Internally this calls cgb_make_graph() to build the
graph and then cgb_smooth() to diffuse over it. Use
return_graph = TRUE to keep the graph for reuse.
cg_out <- cgb_filter(vec4d, mask3d,
spatial_sigma = 3, window = NULL,
topk = 16, return_graph = TRUE)
str(cg_out$graph)
#> List of 5
#> $ row_ptr : int [1:29533] 0 1 2 3 4 5 6 7 8 9 ...
#> $ col_ind : int [1:29532] 474 475 476 477 480 481 482 483 536 537 ...
#> $ val : num [1:29532] 1 1 1 1 1 1 1 1 1 1 ...

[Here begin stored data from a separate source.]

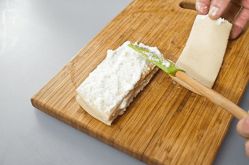Выложить прямоугольники стопочкой один на другой, промазав каждый слой оставленной яблочно-белковой массой (в зависимости от использованной формы может получиться три или даже пять-шесть слоев). Подсушить в духовке еще два часа при 70 градусах.
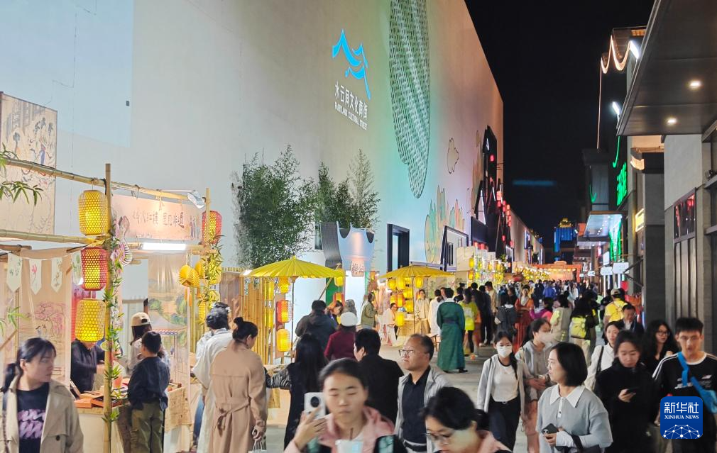 夜晚,廊坊水云间文化商街游人如织。新华社发(刘向摄)
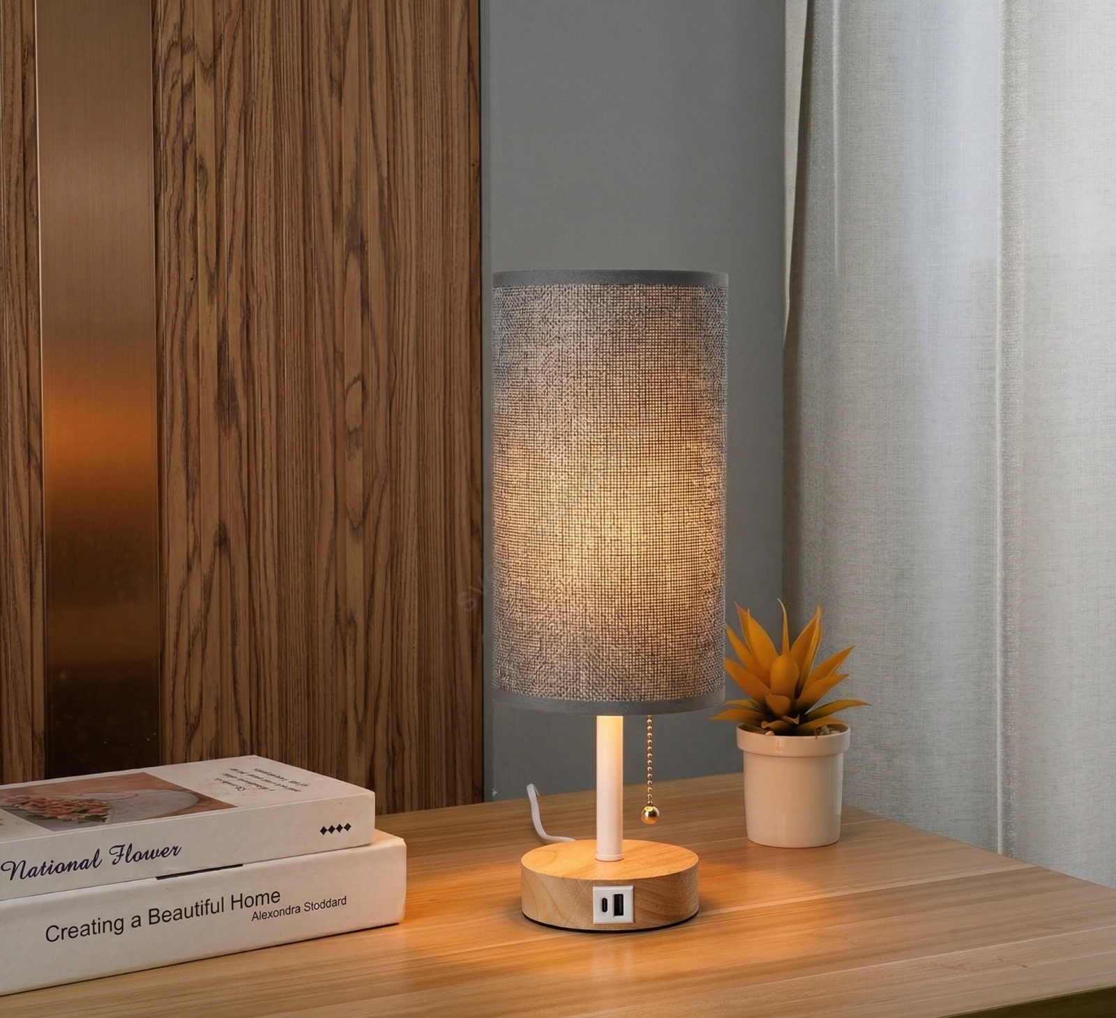 • Brilagi - Stolná lampa s USB portom TABLON 1xE27/25W/230V dub/béžová/sivá

#> $ dims3d : int [1:3] 64 64 25
#> $ mask_idx: int [1:29532] 475 476 477 478 481 482 483 484 537 538 ...Choosing a smoother
- Use
gaussian_blur()for simple, fast baseline smoothing. - Use
bilateral_filter()/bilateral_filter_4d()when you want intensity‑aware, edge‑respecting smoothing. - Use
guided_filter()when you need edge preservation but want a simpler parameterization than full bilateral filters. - Use
laplace_enhance()when you want to sharpen structures rather than blur them. - Use
cgb_filter()when similarity should be driven by correlation of time‑series (e.g., fMRI connectivity‑style smoothing) rather than raw intensity alone.